L'enjeu : une seule équipe survivra à Kansas City
C'est la loi implacable de la phase finale : samedi 4 juillet à 03h30 (heure de Paris), l'Arrowhead Stadium de Kansas City accueillera un choc sans filet entre la Colombie et le Ghana. Le vainqueur file en huitièmes de finale, le perdant rentre à la maison. En cas d'égalité à l'issue du temps réglementaire, place aux prolongations, et si nécessaire aux tirs au but. Pas de place pour l'erreur, pas de droit à l'approximation. Ce sont les règles brutes de la Coupe du Monde 2026.
La Colombie, une équipe solide mais perfectible
Les Cafeteros arrivent dans cette phase à élimination directe avec l'une des meilleures dynamiques du tournoi. Sous la houlette de Néstor Gabriel Lorenzo, la Colombie a terminé sa phase de groupes sans la moindre défaite : deux victoires convaincantes, d'abord face à l'Ouzbékistan (3-1), puis face à la RD Congo (1-0), avant un nul 0-0 contre le Portugal lors de la dernière journée. Ce parcours sans accroc confirme la solidité collective d'un groupe qui puise sa force dans l'intensité de son pressing et la qualité de ses transitions.
Avant le Mondial, les préparatifs avaient également été encourageants, avec deux succès en matchs amicaux contre la Jordanie et le Costa Rica. La Colombie aborde donc ce rendez-vous en confiance, portée par une unité défensive rassurante et un milieu de terrain dense, dans lequel Richard Ríos, James Rodríguez et Jefferson Lerma forment un triangle expérimenté et complémentaire.
Le joueur à suivre : Luis Díaz, l'étincelle colombienne
Si un homme est capable de faire basculer ce match en faveur de la Colombie, c'est bien Luis Díaz.
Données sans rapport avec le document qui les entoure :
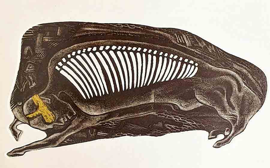 পলা সেনগুপ্তের ‘দা গ্ৰিন জ়েব্রাস’ এচিং এবং অ্যাকোয়াটিন্টে ভারী সুন্দর কাজ। শুধুমাত্র রেখার সাহায্যেই নয়, বিস্তৃত এলাকায় রঙের টোন দিয়ে যেন কিছুটা জলরঙের ওয়াশের মেজাজে দু’টি জ়েব্রার মিলনের পূর্বরাগ দেখিয়েছেন।
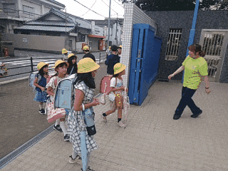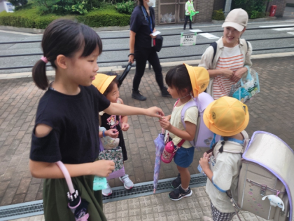 代表委員会の子どもたちが大きな声で元気にあいさつしています。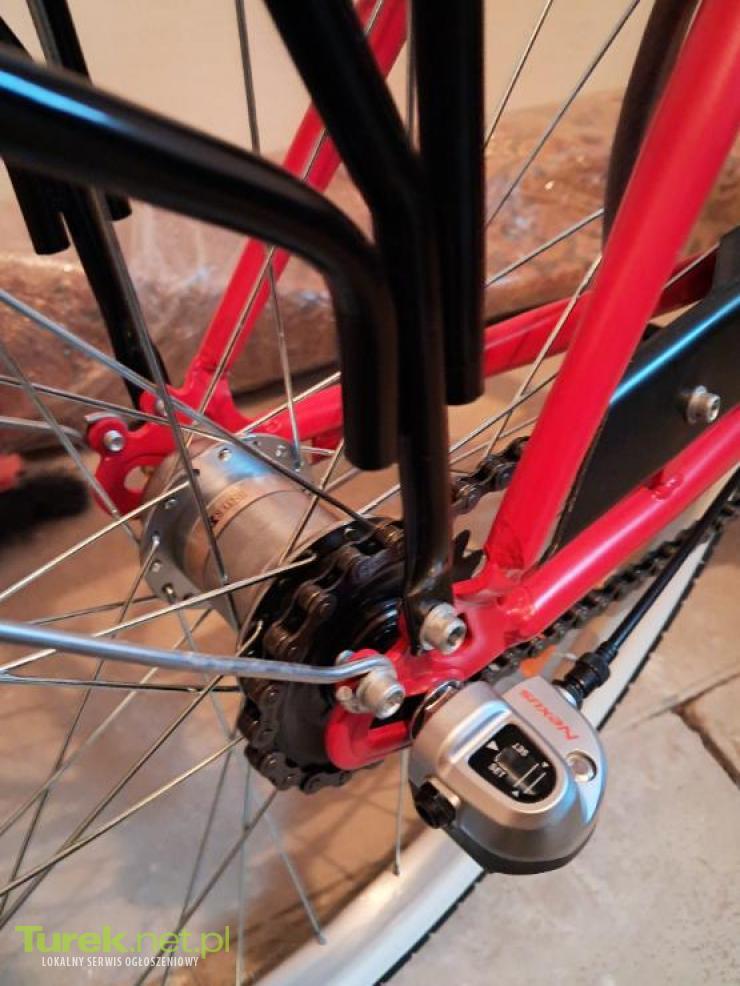Sprzedam rower niemiecki Staiger koła 28, rama aluminiowa, osprzęt Shimano Nexus 8, amortyzowany przód oraz siedzenie, oświetlenie z przedniej piasty, stożkowe wzmocnione koła, opony stan bardzo dobry.

L'ailier du Bayern Munich, à 29 ans au sommet de son art, incarne à lui seul le danger offensif des Cafeteros. Sa vitesse, son sens du dribble et sa capacité à prendre de vitesse n'importe quelle défense en font l'arme numéro un de Lorenzo. Dans un match à élimination directe, où les espaces se resserrent et où un éclair de génie peut tout décider, Díaz est le profil qui peut être décisif. La défense ghanéenne devra l'avoir constamment dans son viseur.
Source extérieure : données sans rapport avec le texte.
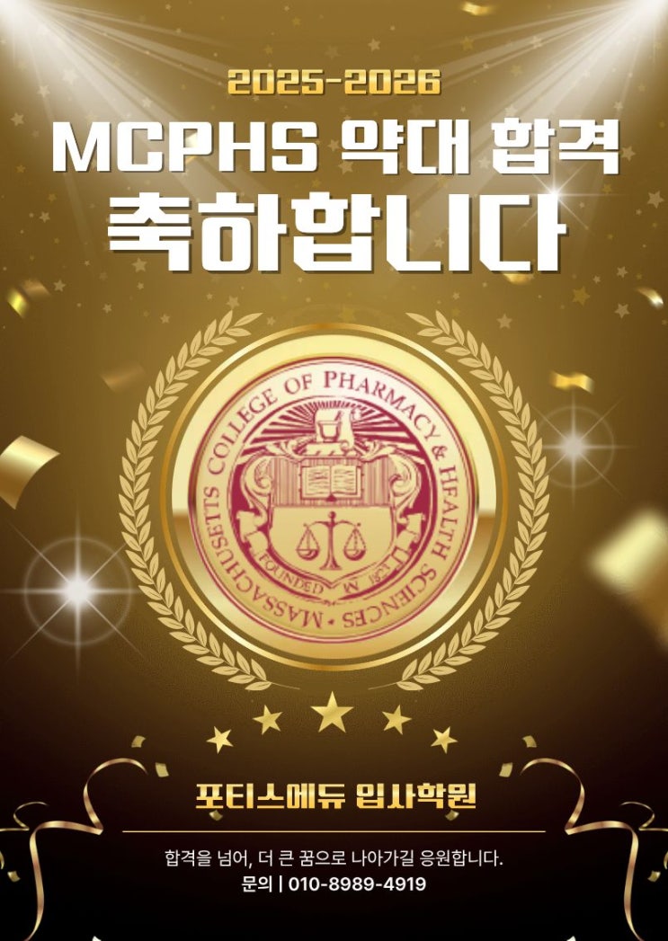 안녕하세요 포티스에듀 민지쌤입니다! 날씨가 많이 추워져 곧 크리스마스가 다가오는게 한층 더 실감이 납니다! 이제부터는 내년 미국대학을 지원하는 친구들이 하나둘씩 EA / ED / REA 결과들을 받아보고 있어요~ 오늘 아침에 받은 기분좋은 소식들을 같이 셰어 해드리려고합니다! 미국에서도 2번째로 제일 오래된 약대인 MCPHS 합격소식인데요! 저희 모든 학생들은 이번에 Doctor of Pharmacy (PharmD)로 지원을 했고 오늘 합격 발표가 났습니다! #1 학생 : 윤 * * 위 학생 같은 경우에는, EA I으로 지원을 하게 되어 Presidential Scholarship 연간 $26,200 를 받게 되었습니다. (총 6년 과정으로 토탈 $157,200) #2 학생 : 황 ** 윗 학생 또....... <img src="https://blogthumb.pstatic.net/MjAyNTEyMTFfNDIg/MDAxNzY1NDU5NzMyNjc2.DNQIH0gPeUSMlYIS0DlI_YJJ6AFX9C8JAxEJTs9c75kg.yTYA_cIWR0ouWac07IV61UrGBjCuteMN8WjCodRvKHUg.JPEG/2025-2026_%C7%D5%B0%DD.jpg?type=s3" />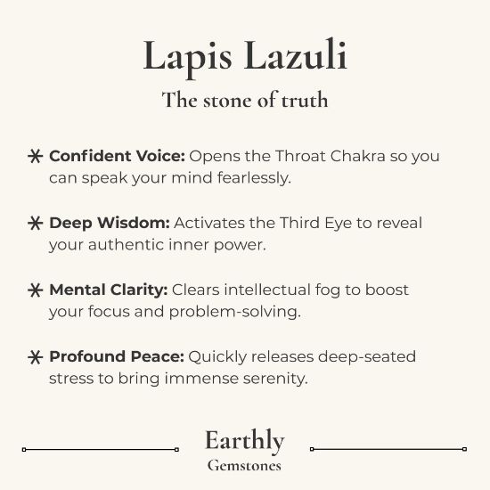 Lapis Lazuli is a deep blue metamorphic rock flecked with gold pyrite that has been used in spiritual and healing practice for over 6,000 years. Connected to the Third Eye and Throat chakras, it is associated with truth, clear communication, and the kind of inner honesty that requires setting aside what you want to be true in favour of what actually is. As a pendulum stone, Lapis Lazuli is particularly effective for questions where self-deception is a risk, where a difficult truth needs to be acknowledged, or where honest communication is at the centre of the issue.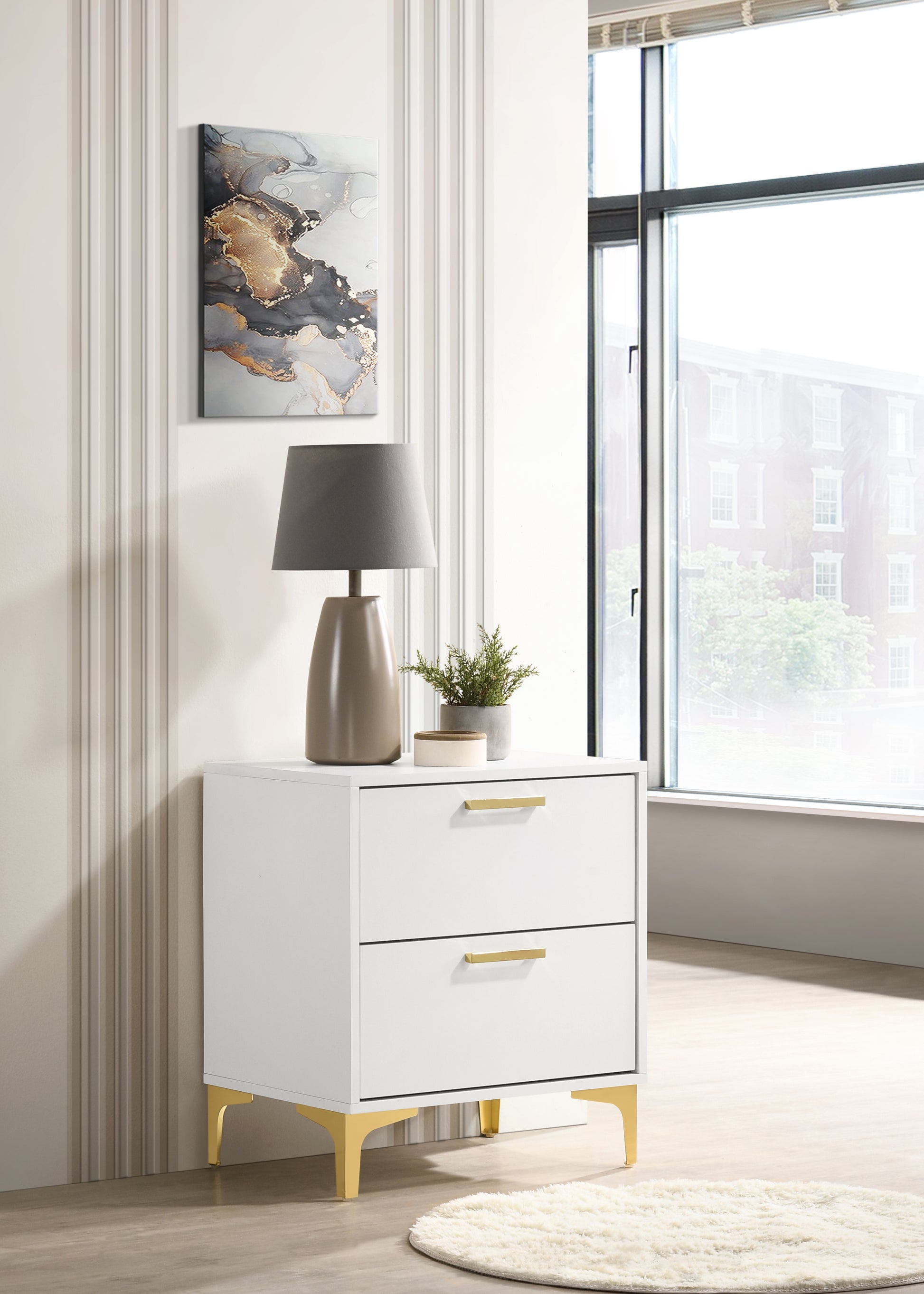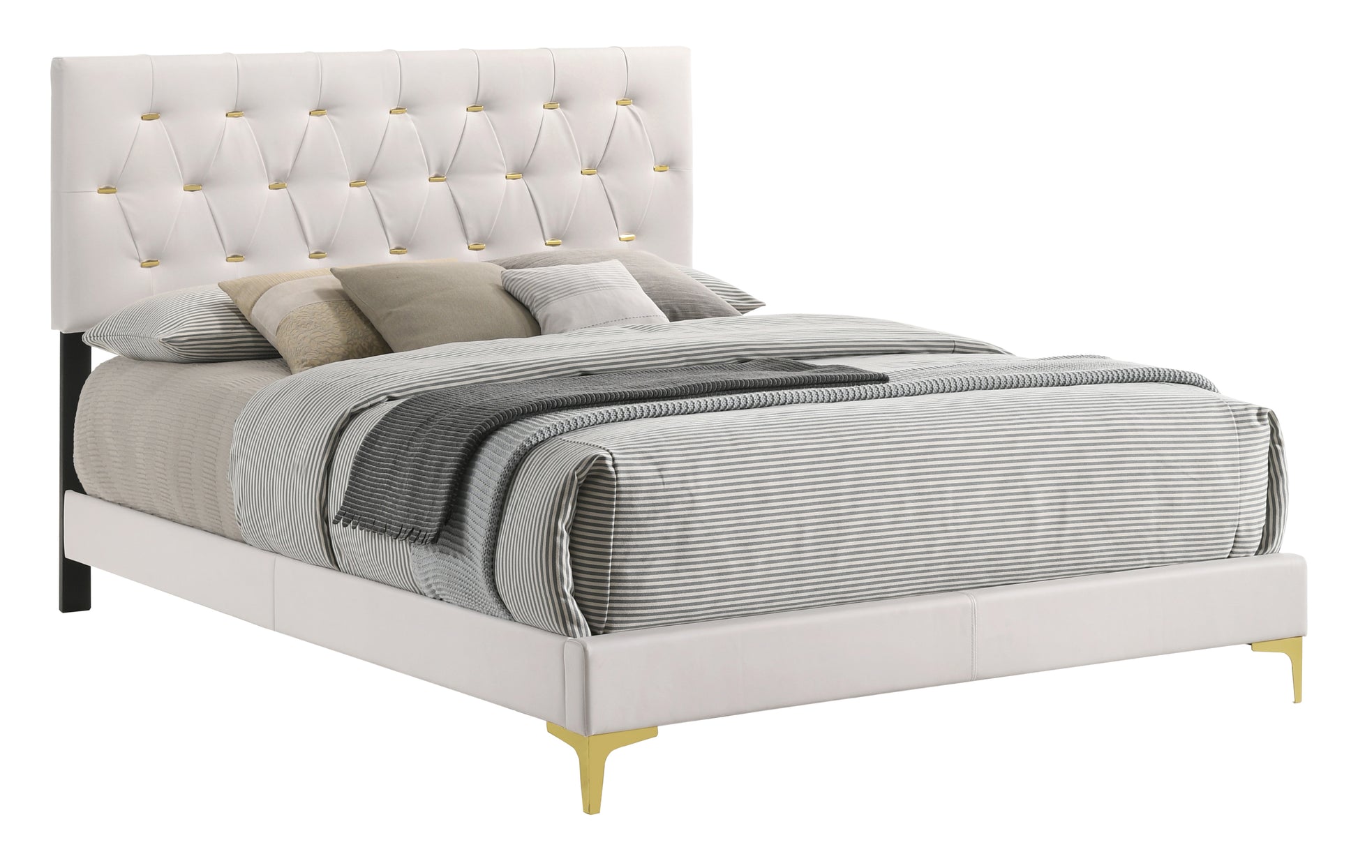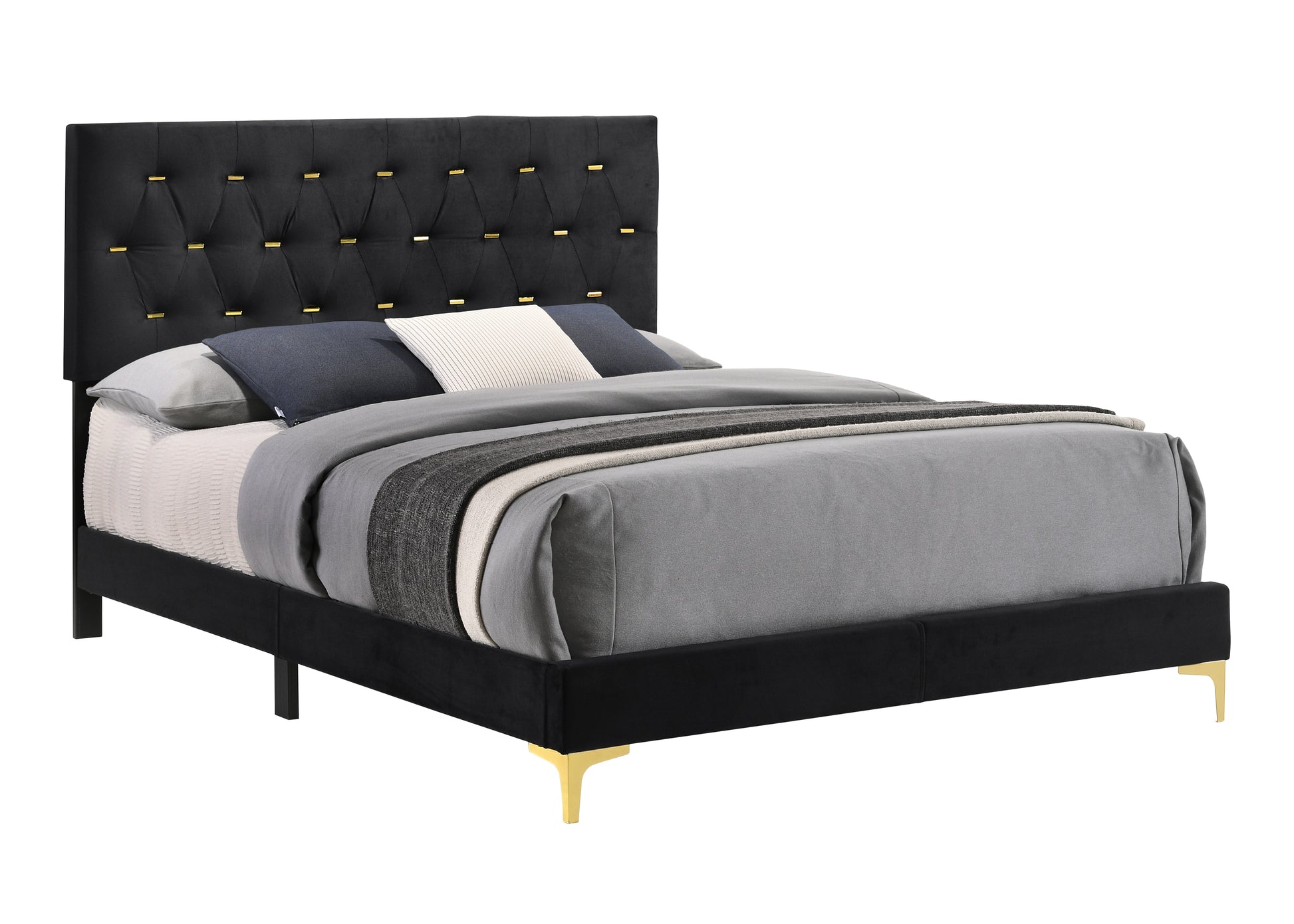 Welcome to the Kendall Collection, where modern luxury and functionality beautifully intertwine. The heart of the collection is a plush platform bed, its headboard adorned with diamond button tufting and shiny gold accents. Select between rich black or bright white velvet upholstery for the aesthetic that best suits your space. The collection extends its charm with a sleek six-drawer dresser, providing ample storage for your wardrobe. A chic two-drawer nightstand ensures your nightly essentials are always within reach. Each piece is accentuated by slender gold pull handles and bracket legs, adding a touch of glamour and sophistication. Whether you're drawn to the bold allure of black or the crisp simplicity of white, the Kendall Collection promises to elevate your bedroom with its elegance and stylish design.

Derrière lui, James Rodríguez, à 34 ans, reste le métronome créatif de cette génération colombienne. Sa lecture du jeu, sa précision sur coup de pied arrêté et son sens de la passe décisive peuvent peser lourd dans les moments où le match se tend.
Le Ghana : un rescapé déterminé
Les Black Stars ont vécu une phase de groupes en dents de scie. Placés dans le groupe L aux côtés de l'Angleterre, de la Croatie et du Panama, les Ghanéens ont décroché leur qualification de justesse. Une victoire initiale convaincante contre Panama (1-0), puis un nul précieux face à l'Angleterre (0-0), avant une défaite concédée contre la Croatie (1-2) lors de la dernière journée. Ils ont néanmoins accroché leur billet pour les seizièmes, ce qui témoigne d'une solidité certaine, notamment défensive.
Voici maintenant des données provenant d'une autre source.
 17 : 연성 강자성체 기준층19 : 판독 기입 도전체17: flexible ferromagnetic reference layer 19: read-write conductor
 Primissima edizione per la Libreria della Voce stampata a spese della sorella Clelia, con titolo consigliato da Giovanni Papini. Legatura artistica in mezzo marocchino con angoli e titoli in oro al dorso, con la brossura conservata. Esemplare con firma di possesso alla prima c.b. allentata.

Carlos Queiróz, le sélectionneur portugais aux commandes des Black Stars, est un fin tacticien, rompu aux grands tournois. Son équipe sait souffrir, s'organiser et repartir en contre. Avant le tournoi, le Ghana avait certes concédé des défaites en préparation, notamment face au Mexique (0-2), mais un nul face au Pays de Galles (1-1) témoigne d'une équipe capable de rivaliser avec des adversaires de niveau similaire.
Le duel clé : Thomas Partey contre le milieu colombien
Au cœur de cette rencontre, l'affrontement entre les entrejeux des deux équipes sera déterminant. Thomas Partey, le capitaine ghanéen de Villarreal, est l'homme fort du milieu des Black Stars. Son endurance, sa robustesse et sa capacité à récupérer les ballons font de lui la première ligne de résistance face aux percées colombiennes. À 32 ans, Partey connaît ce type d'échéances sur le bout des doigts. Face à lui, le trio colombien Ríos-Lerma-Rodríguez devra trouver les espaces pour permettre à Díaz et aux ailiers de s'exprimer.